#### DATA PROVIDED:
- - -

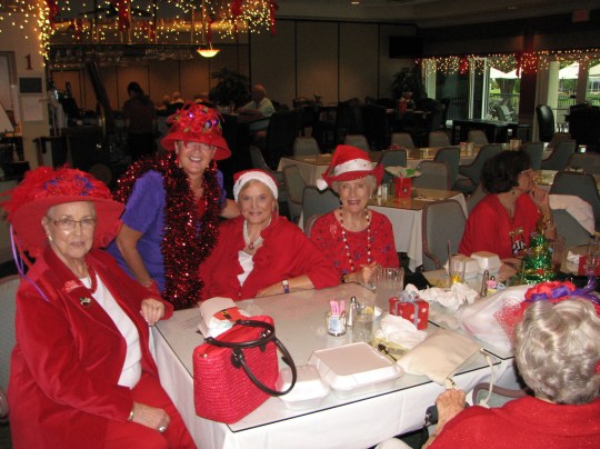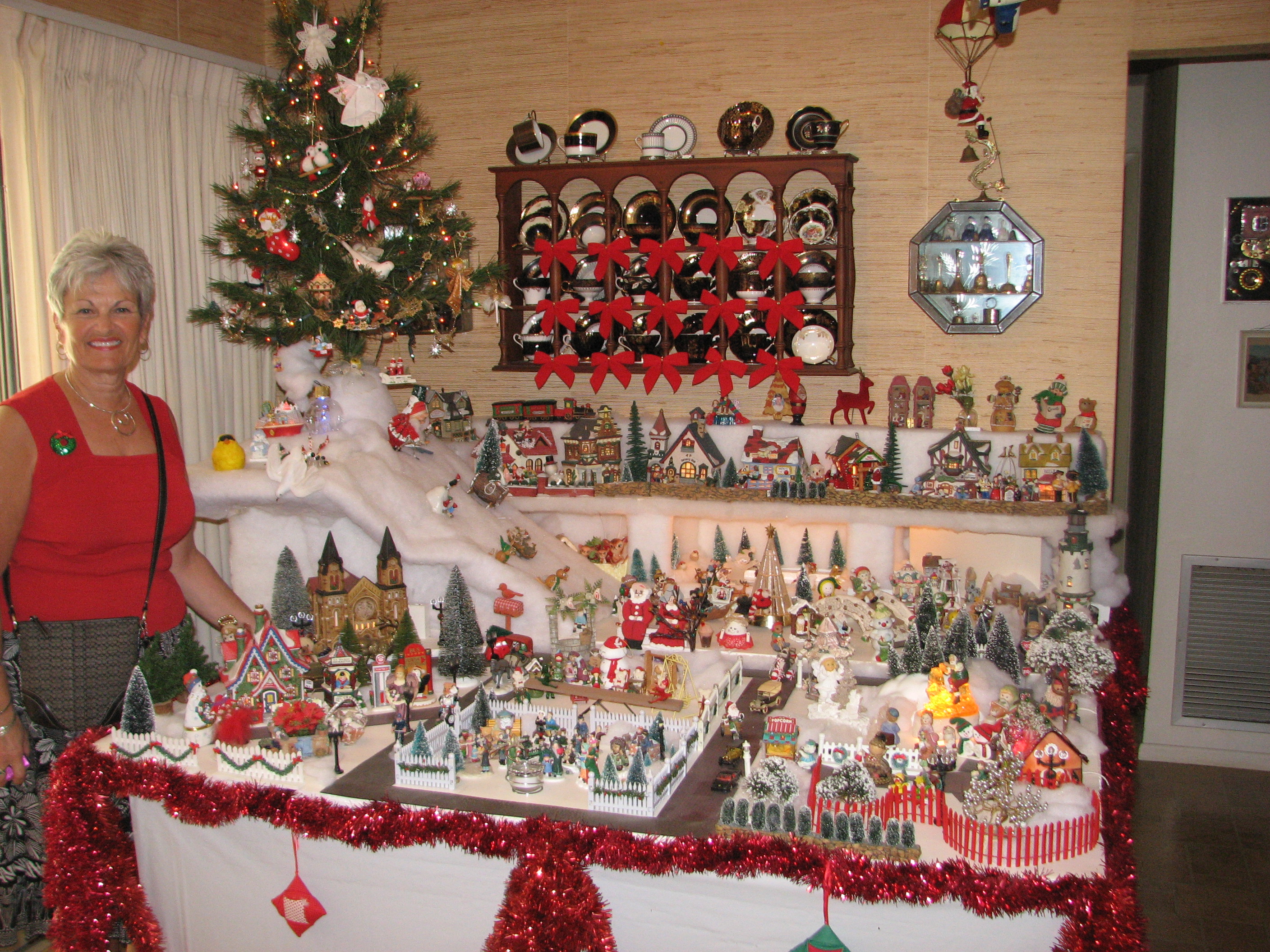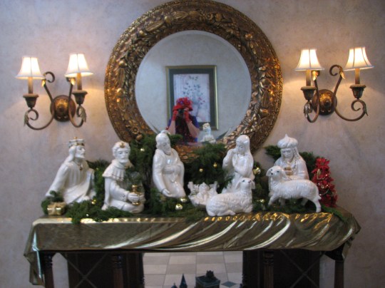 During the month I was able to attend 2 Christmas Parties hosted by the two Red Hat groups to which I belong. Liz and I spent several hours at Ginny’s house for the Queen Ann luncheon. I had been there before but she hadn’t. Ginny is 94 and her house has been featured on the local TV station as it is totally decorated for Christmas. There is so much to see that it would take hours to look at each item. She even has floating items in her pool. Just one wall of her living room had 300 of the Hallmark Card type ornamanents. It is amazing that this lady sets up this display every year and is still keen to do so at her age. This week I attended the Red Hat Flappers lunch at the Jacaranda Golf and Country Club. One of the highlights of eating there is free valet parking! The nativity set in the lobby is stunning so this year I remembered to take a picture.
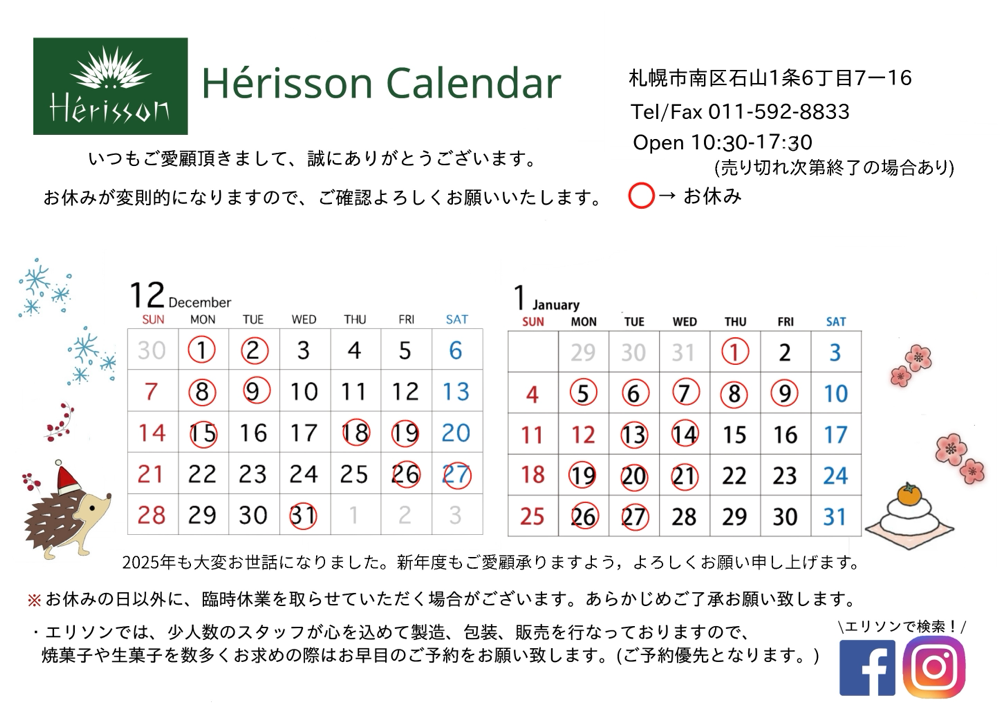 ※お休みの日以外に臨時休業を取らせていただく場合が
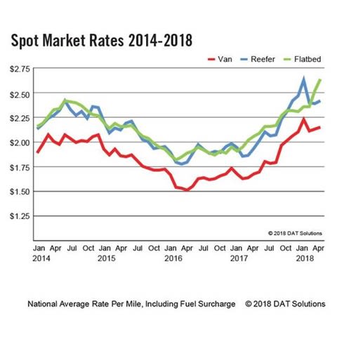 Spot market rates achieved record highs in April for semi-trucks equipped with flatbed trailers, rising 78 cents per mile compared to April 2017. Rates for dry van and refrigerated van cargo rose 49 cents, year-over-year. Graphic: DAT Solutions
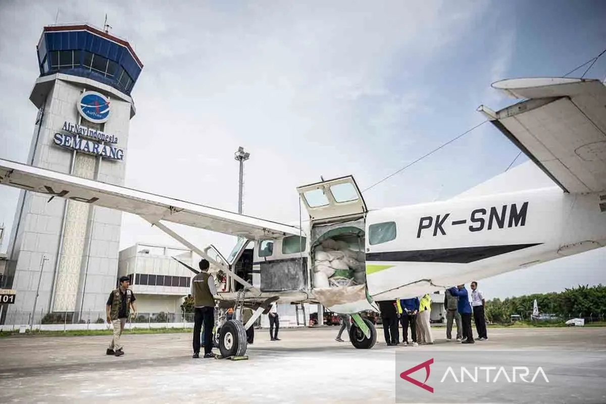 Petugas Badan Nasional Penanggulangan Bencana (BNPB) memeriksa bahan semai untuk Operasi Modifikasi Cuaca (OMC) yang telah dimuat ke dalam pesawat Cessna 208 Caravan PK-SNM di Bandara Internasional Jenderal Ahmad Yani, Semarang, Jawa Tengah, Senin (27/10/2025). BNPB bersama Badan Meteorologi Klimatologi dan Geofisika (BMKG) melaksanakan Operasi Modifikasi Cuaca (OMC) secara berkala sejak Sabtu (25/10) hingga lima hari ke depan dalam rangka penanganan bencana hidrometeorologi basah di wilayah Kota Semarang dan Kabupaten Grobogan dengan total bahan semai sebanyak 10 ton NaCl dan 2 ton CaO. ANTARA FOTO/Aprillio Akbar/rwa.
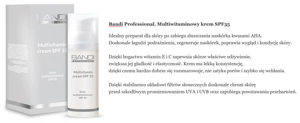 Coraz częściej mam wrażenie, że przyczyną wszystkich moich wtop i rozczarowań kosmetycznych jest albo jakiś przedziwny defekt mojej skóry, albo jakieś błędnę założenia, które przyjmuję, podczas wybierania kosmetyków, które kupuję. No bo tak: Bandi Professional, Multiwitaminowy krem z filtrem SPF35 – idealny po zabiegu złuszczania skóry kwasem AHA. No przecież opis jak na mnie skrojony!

- - -

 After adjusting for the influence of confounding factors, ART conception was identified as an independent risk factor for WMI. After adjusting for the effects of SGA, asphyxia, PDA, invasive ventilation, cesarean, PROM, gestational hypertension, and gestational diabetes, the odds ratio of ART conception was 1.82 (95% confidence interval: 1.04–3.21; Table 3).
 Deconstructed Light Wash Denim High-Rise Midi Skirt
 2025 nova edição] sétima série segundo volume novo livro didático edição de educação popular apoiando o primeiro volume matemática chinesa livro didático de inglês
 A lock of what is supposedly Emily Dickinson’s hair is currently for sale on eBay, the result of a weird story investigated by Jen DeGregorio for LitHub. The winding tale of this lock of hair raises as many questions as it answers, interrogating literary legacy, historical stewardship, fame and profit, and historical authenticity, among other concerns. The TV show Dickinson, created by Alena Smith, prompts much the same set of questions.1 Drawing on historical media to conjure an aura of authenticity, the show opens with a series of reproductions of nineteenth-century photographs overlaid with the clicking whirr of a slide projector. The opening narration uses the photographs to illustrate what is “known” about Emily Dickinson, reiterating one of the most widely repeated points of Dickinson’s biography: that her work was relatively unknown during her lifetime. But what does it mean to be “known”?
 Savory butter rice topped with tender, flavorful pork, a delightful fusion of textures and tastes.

- - -

#### WHAT NEEDS TO BE DONE:
In the entries above, find the line holding "After adjusting for the influence" and the line holding "Savory butter rice"; print both of them and every line between, exactly, and nothing else.

#### COMPLETED TASK:
 After adjusting for the influence of confounding factors, ART conception was identified as an independent risk factor for WMI. After adjusting for the effects of SGA, asphyxia, PDA, invasive ventilation, cesarean, PROM, gestational hypertension, and gestational diabetes, the odds ratio of ART conception was 1.82 (95% confidence interval: 1.04–3.21; Table 3).
 Deconstructed Light Wash Denim High-Rise Midi Skirt
 2025 nova edição] sétima série segundo volume novo livro didático edição de educação popular apoiando o primeiro volume matemática chinesa livro didático de inglês
 A lock of what is supposedly Emily Dickinson’s hair is currently for sale on eBay, the result of a weird story investigated by Jen DeGregorio for LitHub. The winding tale of this lock of hair raises as many questions as it answers, interrogating literary legacy, historical stewardship, fame and profit, and historical authenticity, among other concerns. The TV show Dickinson, created by Alena Smith, prompts much the same set of questions.1 Drawing on historical media to conjure an aura of authenticity, the show opens with a series of reproductions of nineteenth-century photographs overlaid with the clicking whirr of a slide projector. The opening narration uses the photographs to illustrate what is “known” about Emily Dickinson, reiterating one of the most widely repeated points of Dickinson’s biography: that her work was relatively unknown during her lifetime. But what does it mean to be “known”?
 Savory butter rice topped with tender, flavorful pork, a delightful fusion of textures and tastes.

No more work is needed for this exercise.